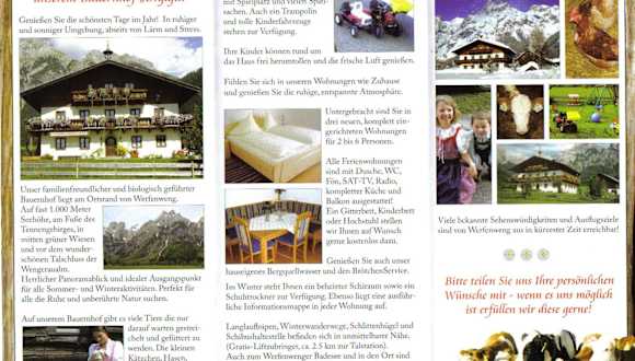 Das Örglgut liegt in der idyllischen Region Werfenweng, nur 16 km von der beeindruckenden Eisriesenwelt Werfen entfernt. Die Umgebung bietet eine Vielzahl von Outdoor-Aktivitäten und ist ein Paradies für Naturliebhaber. Von hier aus können Sie wunderschöne Wanderwege erkunden oder im Winter auf den Pisten Ski fahren. Der Flughafen Salzburg ist etwa 55 km entfernt.
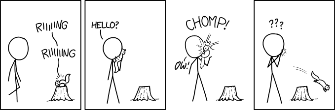 {{Title text: After a while, the squirrel starts making that beeping noise and doesn't stop until it hops back up onto the stump.}}
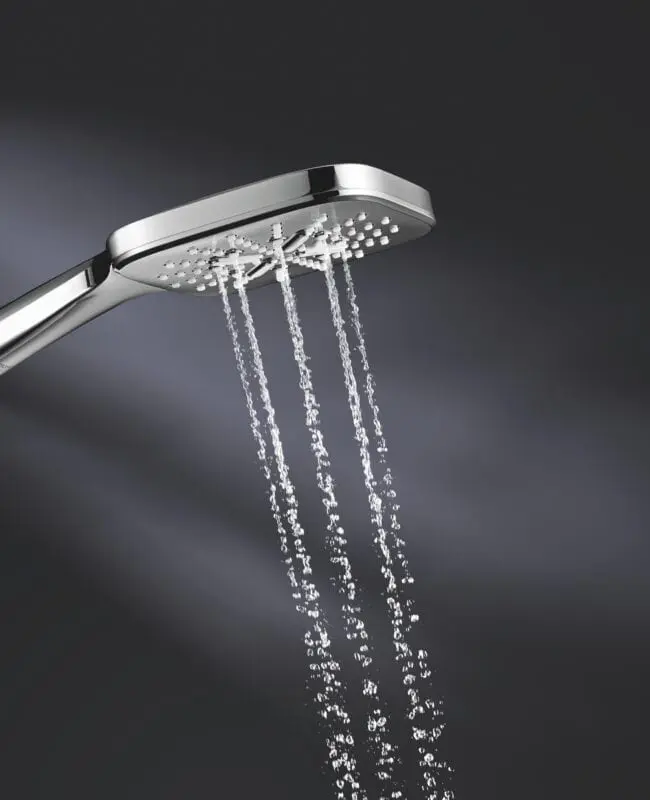 Grohe introduceert een handdouche met drukknop. De gebruiker kan van douchestraal wisselen door op het mechanische drukknopje te drukken.
_ _ _ _
#### [TASK DESCRIPTION]
Everything in the material above should be reproduced exactly, except the pictures.

#### [SOLUTION FOR THIS EXERCISE]
 Das Örglgut liegt in der idyllischen Region Werfenweng, nur 16 km von der beeindruckenden Eisriesenwelt Werfen entfernt. Die Umgebung bietet eine Vielzahl von Outdoor-Aktivitäten und ist ein Paradies für Naturliebhaber. Von hier aus können Sie wunderschöne Wanderwege erkunden oder im Winter auf den Pisten Ski fahren. Der Flughafen Salzburg ist etwa 55 km entfernt.
 {{Title text: After a while, the squirrel starts making that beeping noise and doesn't stop until it hops back up onto the stump.}}
 Grohe introduceert een handdouche met drukknop. De gebruiker kan van douchestraal wisselen door op het mechanische drukknopje te drukken.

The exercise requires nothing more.